10-601 is open to all but is recommended for CS Seniors & Juniors, Quantitative Masters students, and non-SCS PhD students.

Syllabus

Previous syllabi, for the historically-minded:

Prerequisites

Prerequisites are 15-122, Principles of Imperative Computation AND 21-127: Concepts of Mathematics.

Additionally, a probability course is a co-requisite: 36-217: Probability Theory and Random Processes OR 36-225: Introduction to Probability and Statistics I

A minimum grade of 'C' is required in all these courses.

Projects

These are proposed project ideas, for discussion by the 10-601 teaching team (Eric, William, and the TAs). No final decisions have been made.

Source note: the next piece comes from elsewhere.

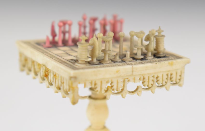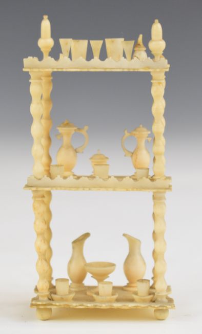 19th century carved bone possibly prisoner of war doll's house chess table with pieces together with a wot not and contents, height of taller 8.5cm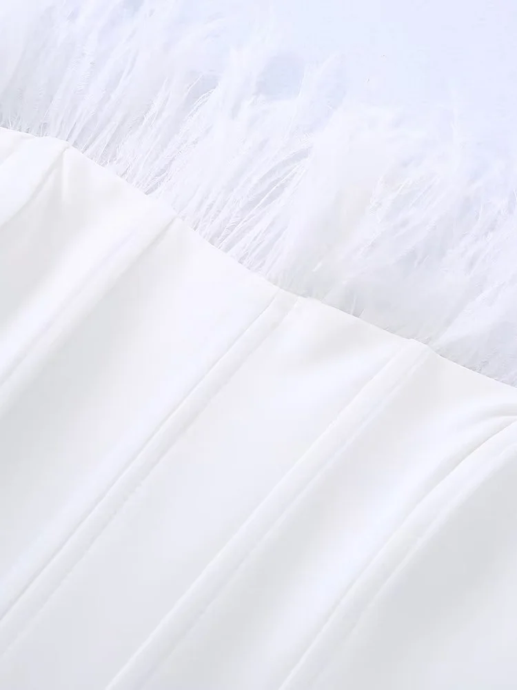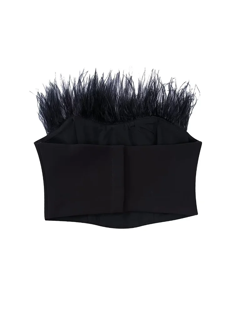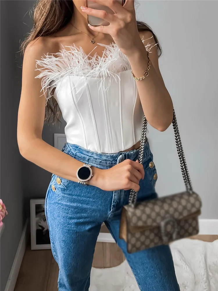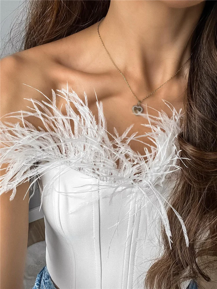 Женские элегантные облегающие Топы без бретелек с перьями в стиле пэчворк 2022, шикарные женские укороченные вечерние топы с открытой спиной, женские модные однотонные майки

  • Building a deep belief network learning system (Eric's proposal). The project is to implement and train a deep belief network, and test it on the ImageNet dataset (the full dataset is 10M images, 10k categories, but we will choose a smaller subset for experimental purposes.) This could be run as a Kaggle-like competition.
  • Building and evaluating an out-of-the-box classifier learner (William's proposal). Some learning algorithms require more tuning to a new problem than others, but most of what is known about how to tune classifiers for a learning task is folklore, not science. The question here is: which algorithms are most robust? To address this I suggest a competition with these rules.
    • Submitted learners will be scored by their average error rates (say) over 5 evaluation learning tasks, each of which has an associated train/test split.
    • The evaluation tasks are not known in advance - instead there are 20 development learning tasks, each of which has an associated train/test split, to tune the learning system.
    • The learning system could be one of several things:
      1. A plain classifier learner (eg, a standard implementation of random forests might be a good baseline)
      2. A classifier learner with a wrapper around it that does a parameter sweep and picks a set of parameters.
      3. A set of K classifier learners, which uses internal cross-validation to pick the best set.